Segment Start: Given material

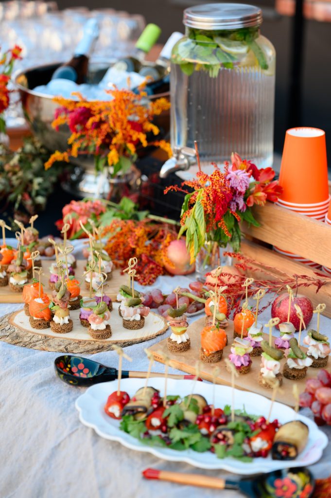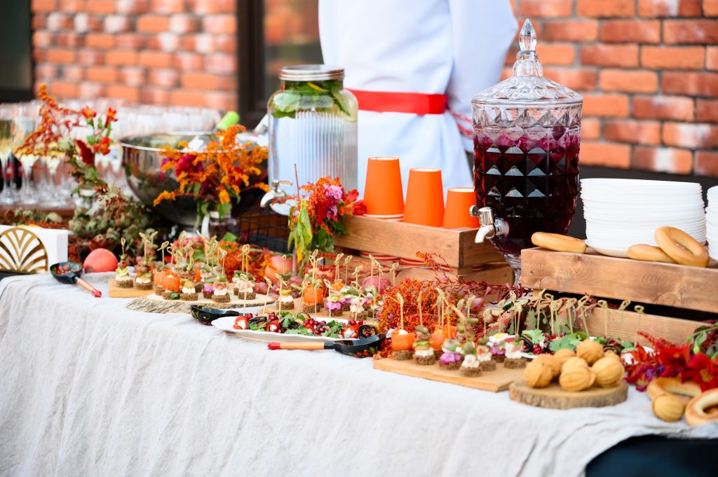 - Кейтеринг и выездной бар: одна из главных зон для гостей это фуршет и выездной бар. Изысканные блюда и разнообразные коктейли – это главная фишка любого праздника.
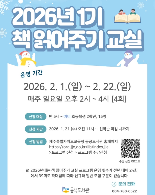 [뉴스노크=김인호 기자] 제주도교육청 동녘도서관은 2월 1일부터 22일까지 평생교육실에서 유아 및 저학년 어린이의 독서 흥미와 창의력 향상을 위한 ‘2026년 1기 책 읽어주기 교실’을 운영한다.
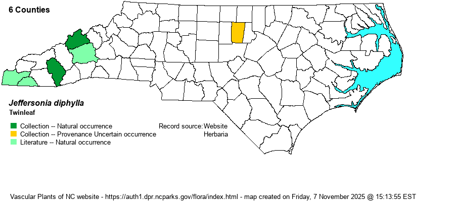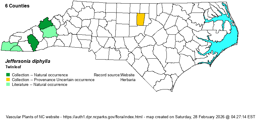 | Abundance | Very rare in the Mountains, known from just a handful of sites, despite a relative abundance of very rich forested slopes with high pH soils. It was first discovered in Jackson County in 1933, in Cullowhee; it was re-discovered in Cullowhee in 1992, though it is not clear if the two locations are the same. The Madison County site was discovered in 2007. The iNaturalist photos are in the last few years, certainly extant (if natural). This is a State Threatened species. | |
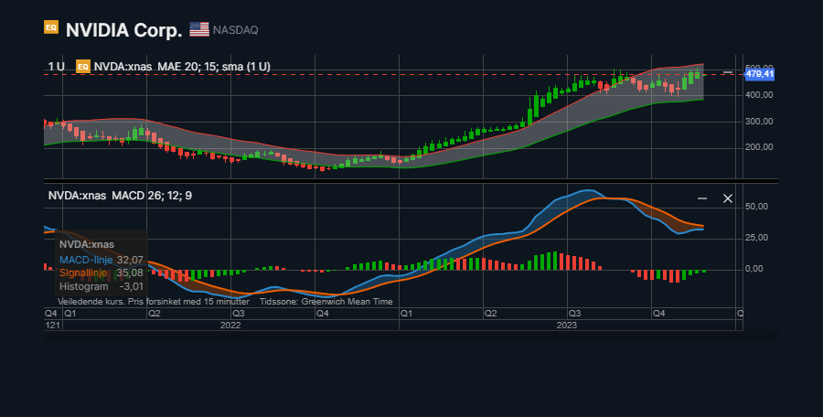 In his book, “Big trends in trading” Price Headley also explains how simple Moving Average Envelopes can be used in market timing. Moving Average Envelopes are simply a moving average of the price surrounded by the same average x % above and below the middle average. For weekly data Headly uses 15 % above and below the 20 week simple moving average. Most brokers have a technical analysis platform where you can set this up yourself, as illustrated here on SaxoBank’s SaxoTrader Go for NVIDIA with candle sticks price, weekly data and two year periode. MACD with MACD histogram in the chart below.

Segment End: Given material

▶ [Task objective] The answer must be the full listing above, copied exactly, with no pictures in it.

▶ [Exercise result]
 - Кейтеринг и выездной бар: одна из главных зон для гостей это фуршет и выездной бар. Изысканные блюда и разнообразные коктейли – это главная фишка любого праздника.
 [뉴스노크=김인호 기자] 제주도교육청 동녘도서관은 2월 1일부터 22일까지 평생교육실에서 유아 및 저학년 어린이의 독서 흥미와 창의력 향상을 위한 ‘2026년 1기 책 읽어주기 교실’을 운영한다.
 | Abundance | Very rare in the Mountains, known from just a handful of sites, despite a relative abundance of very rich forested slopes with high pH soils. It was first discovered in Jackson County in 1933, in Cullowhee; it was re-discovered in Cullowhee in 1992, though it is not clear if the two locations are the same. The Madison County site was discovered in 2007. The iNaturalist photos are in the last few years, certainly extant (if natural). This is a State Threatened species. | |
 In his book, “Big trends in trading” Price Headley also explains how simple Moving Average Envelopes can be used in market timing. Moving Average Envelopes are simply a moving average of the price surrounded by the same average x % above and below the middle average. For weekly data Headly uses 15 % above and below the 20 week simple moving average. Most brokers have a technical analysis platform where you can set this up yourself, as illustrated here on SaxoBank’s SaxoTrader Go for NVIDIA with candle sticks price, weekly data and two year periode. MACD with MACD histogram in the chart below.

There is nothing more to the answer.